If all you have experienced is loss, that is what you brace yourself for. More loss.
As long as I am being honest, for the first 13 or 14 weeks, every cramp, or ache, or ligament pain, meant that I was going to miscarry. I checked for blood every time I used the restroom. Every time. *Sigh* Who am I kidding? I still check for bleeding and I am 22 weeks along. Sprout weighs a pound, and I'm still not always convinced that my body won't betray me. (I'm gaining more confidence in Sprout's though.)
I told my family I was expecting at Christmas, when I was 10 weeks along. The only reason was because I had always thought I would like to make that type of big announcement at Christmas, and only because the week before at 9weeks along, my doctor was able to find the heartbeat with the Doppler.
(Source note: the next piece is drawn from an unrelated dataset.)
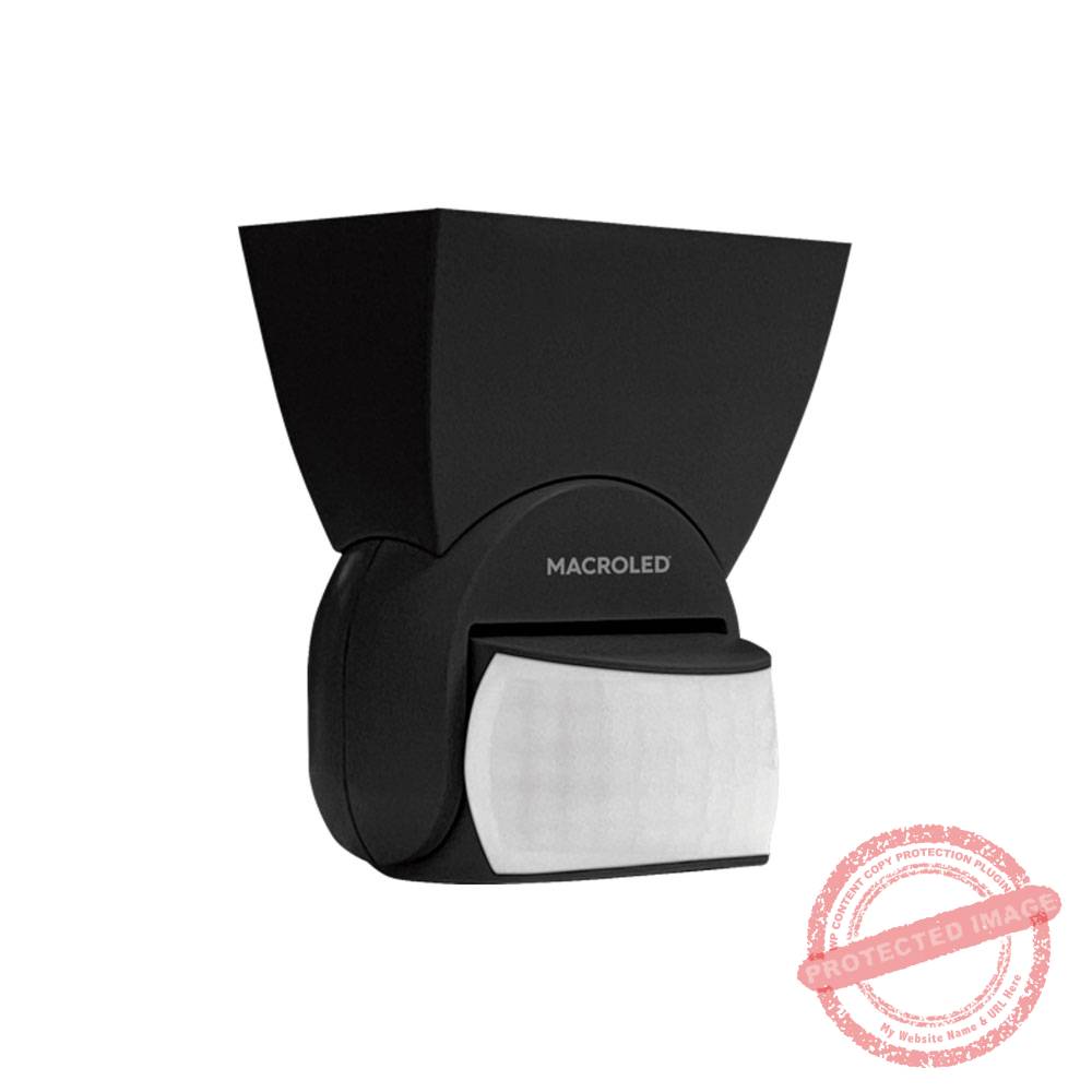 Sensor PIR 220-240V, adosable uso exterior, distancia de detección máximo 12mts, ángulo de detección180°, altura de montaje máx. 4mts, comandos ajustables de tiempo 10-900s y lux 3-2000, proteción IP65, protección UV, color negro.

I know how rare and lucky, and amazing it is to be able to hear the heartbeat at 9 weeks. I know intellectually, how amazing that is, and what a good sign it can be. I know that it isn't uncommon to not hear a heartbeat with a Doppler until as late as 13 weeks. Knowing something isn't always the same as actually knowing something. I hope that makes sense.
Was I convinced that there would still be a heartbeat at my 13week appointment?
If I remember correctly, they had to take my blood pressure twice that appointment. At the beginning, it was not "high" per se, but it was higher than usual. After my appointment, having heard the heartbeat again, they took my BP a second time and it had gone back down to normal.
After 13 weeks, and especially when I made it past 14 weeks, I was able to relax a little more. I started walking again, I started some light pregnancy fitness.
I breathed a sigh of relief and concentrated on the blissful fact that I was now in my 2nd Trimester!